Race Matters

One Nation Boris? Not for black or Asian Londoners

In the run up to his likely inauguration as Tory leader and, therefore, UK Prime Minister this week, our Director Dr Omar Khan examines how little Boris Johnson's mayoral campaign resonated with ethnic minority Londoners.

Image: Clem Onojeghuo at Unsplash

How do we know if someone is a ‘One Nation’ Conservative, prepared to invest in the ordinary people, inclusive of everyone in society? Boris Johnson’s supporters in the Conservative party and the media are insistent that he is a man of the people, while his critics point to a litany of are-you-sure-those-aren’t-racist comments.

Instead, if we are interested in someone's genuine credentials as anti-racist, we should focus on actions and outcomes. In the case of Boris Johnson, one rich source of outcomes are his election results as London Mayor. Especially given that his victories among the capital’s diverse electorate are cited as evidence of his diverse appeal, it’s worth examining how black and minority ethnic Londoners actually voted.
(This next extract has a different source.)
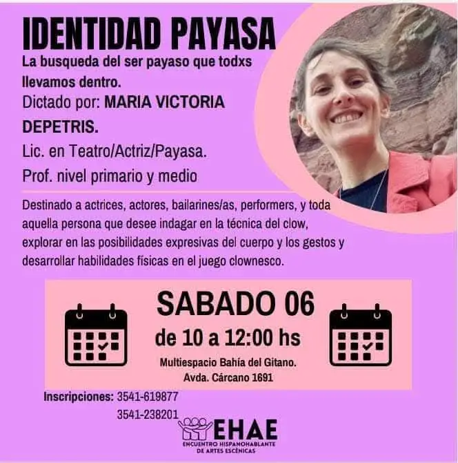 El evento, organizado y coordinado por la actriz, directora de teatro y profesora local Ivana Vivas, taller «Gestos y muecas» junto con artistas de la región, tendrá lugar el 6 y 7 de septiembre en el Multiespacio Bahía del Gitano, ubicado en Avda. Cárcano 1691.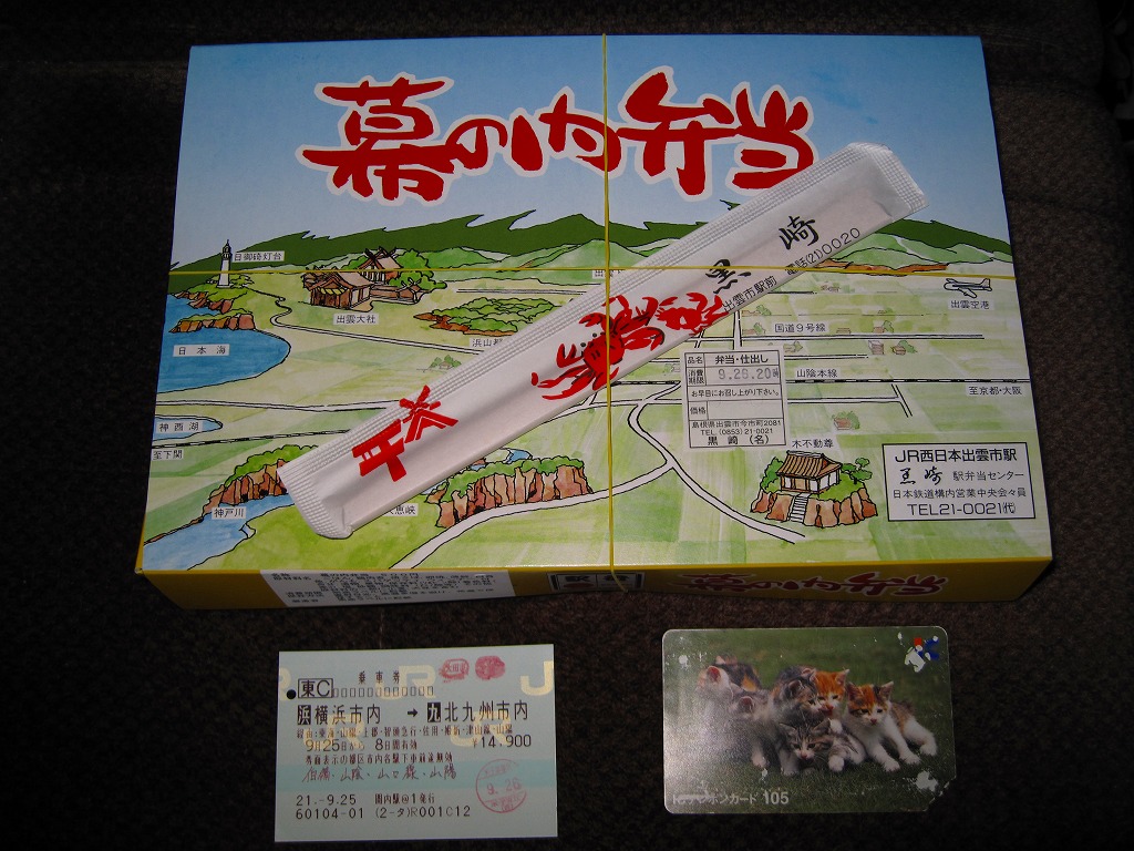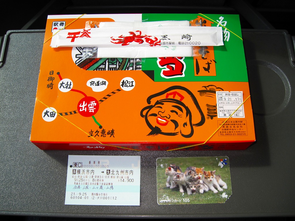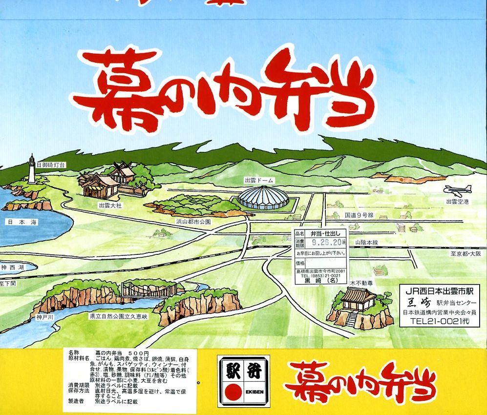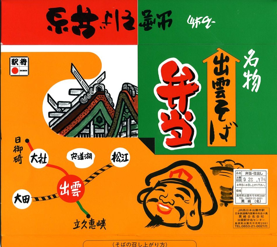 岡山駅から特急列車で約3時間。出雲市は島根県の東部で日本海に面した、人口約17万人の商工業都市。2000年かそれ以上前の神話の時代からの伝承や寺社が今に残る古代都市でもある。駅弁は駅構内に食堂を構える国鉄時代からの駅弁屋が販売したが、2018年9月限りで消えた。1910(明治43)年10月10日開業、島根県出雲市駅北町。

One important caveat and a consequent plea prefaces this analysis: there are no good ethnicity breaks from pollsters. It is disappointing enough that ethnicity is not regularly provided in national polls and surveys where smaller demographic variables (those who are 18-24, those who voted Liberal Democrat in 2017, those who live in Scotland) are included. But not providing ethnicity breaks in London, where 40% of the population is black or minority ethnic (BME), and where ethnicity is a stronger predictor of vote choice than class, education or age, suggests that pollsters are simply not doing their jobs.

How did black and minority ethnic Londoners vote in 2012?

The main data source we can examine is how people actually voted in 2012, Johnsons’s last mayoral campaign, by borough- and ward-level. There are 32 boroughs (plus the City of London) with around 60,000-100,000 voters, while electoral wards usually had around 3000 total votes. We also have ethnicity data for each borough and ward. So we can look at whether the boroughs and wards with the most BME voters were more or less likely to vote for Boris Johnson or Ken Livingstone.

A simple analysis shows the direct and very strong correlation between the number of ethnic minority people in a borough and ward and their vote share for Ken Livingstone. There are some exceptions, but the trend line is very clear and statistically significant. The more ethnic minority voters, the fewer votes Boris Johnson won.

Such a correlation is perhaps unsurprising. Nationally the Conservative Party has always trailed Labour among ethnic minority voters, by 68%-16% in 2010 and by 77%-20% in 2017. And London Labour mayoral candidates have always beaten their Conservative opponents in these wards. So the question arises: did Boris Johnson do better or worse than expected as a Conservative? Was he really viewed by BME voters as a ‘one nation’ Conservative?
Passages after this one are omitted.